2. The decoding system according to claim 1, wherein the first loop circuit is adapted to store the updated log-likelihood ratio value in the memory unit.
3. The decoding system according to claim 1, wherein the decoding system is adapted to access the memory unit with only a single read operation per iteration, and/or only a single write operation per iteration.
4. The decoding system according to claim 1, wherein the second loop circuit comprises a permutator element adapted to route the updated log-likelihood ratio value to corresponding check nodes.
5. The decoding system according to claim 4, wherein the second loop circuit comprises an inverse permutator element, wherein the inverse permutator element is adapted to reverse a permutation introduced by the permutator element to the computed difference.

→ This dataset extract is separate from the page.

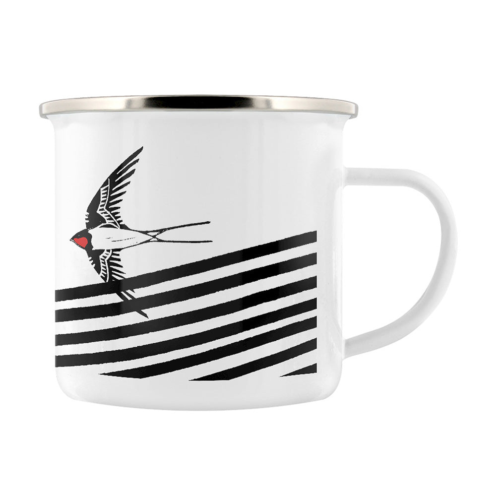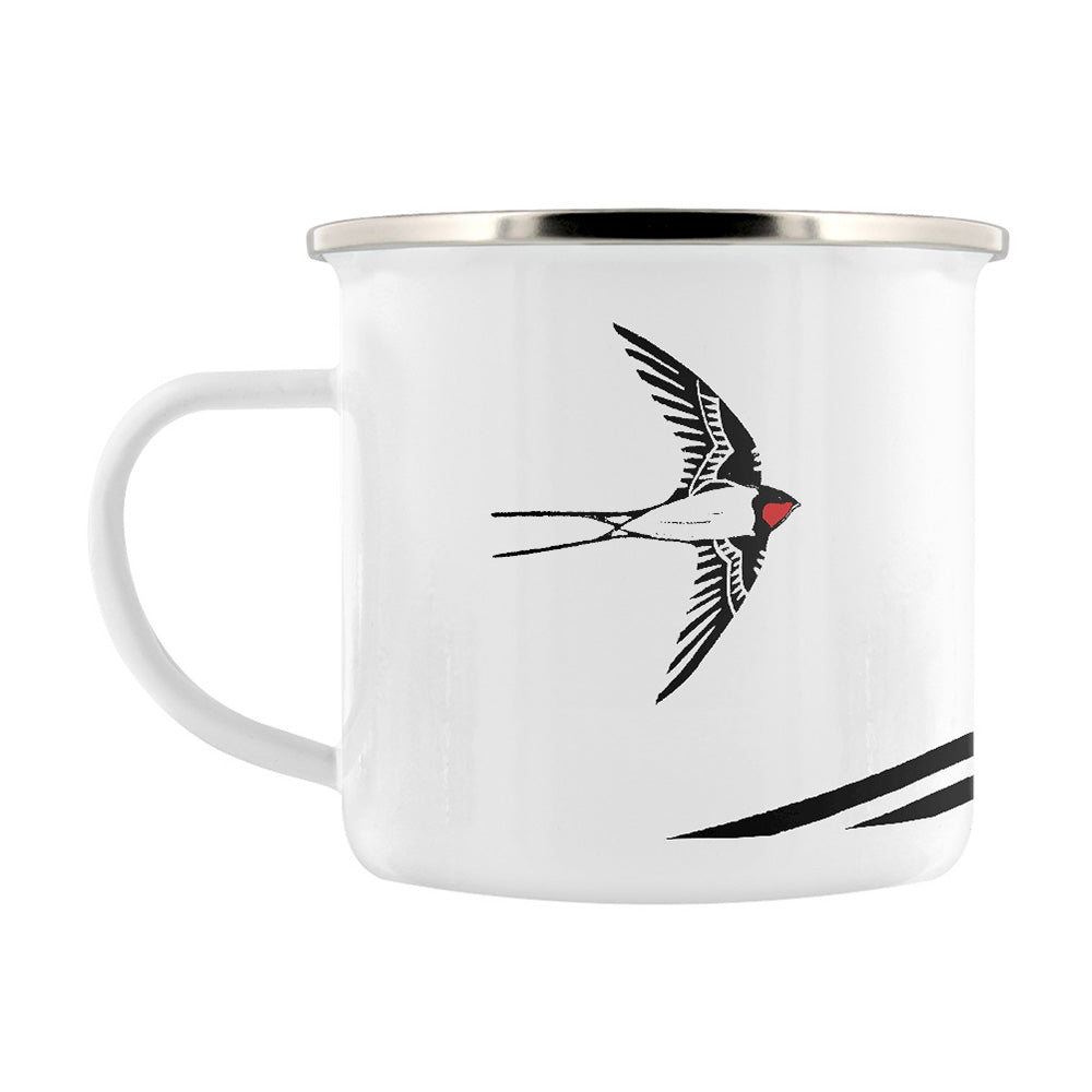 Savour a cup of tea on your bird watching adventures with this charming swallow enamel mug. The perfect companion for every tea break in the great outdoors!

6. The decoding system according to claim 1, wherein the second loop circuit is adapted to compute a check-to-variable log-likelihood message from at least one variable-to-check log-likelihood message.

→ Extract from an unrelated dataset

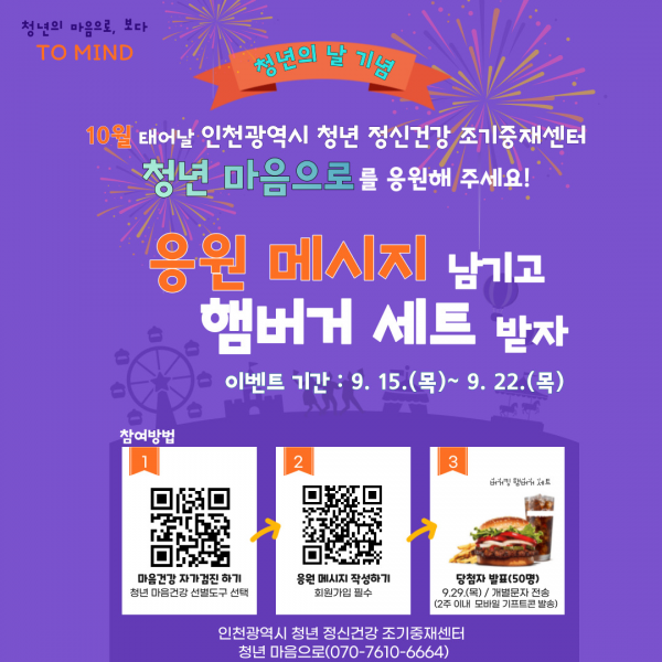 10월 말 개소 예정인 청년 정신건강 조기중재센터 ‘청년 마음으로’를 홍보하고 청년의 마음건강 자기관리를 지원하기 위해 마련한 이벤트는 청년 마음건강 자가검진 개소 응원 메시지로 구성했다.

7. The decoding system according to claim 1, wherein the second loop circuit is adapted to compute a check-to-variable log-likelihood message on a basis of only a subset of variable-to-check log-likelihood messages.
8. The decoding system according to claim 1, wherein the second loop circuit is adapted to compute the check-to-variable log-likelihood message on a basis of an approximation of an exclusive or operation of a plurality of variable-to-check log-likelihood messages.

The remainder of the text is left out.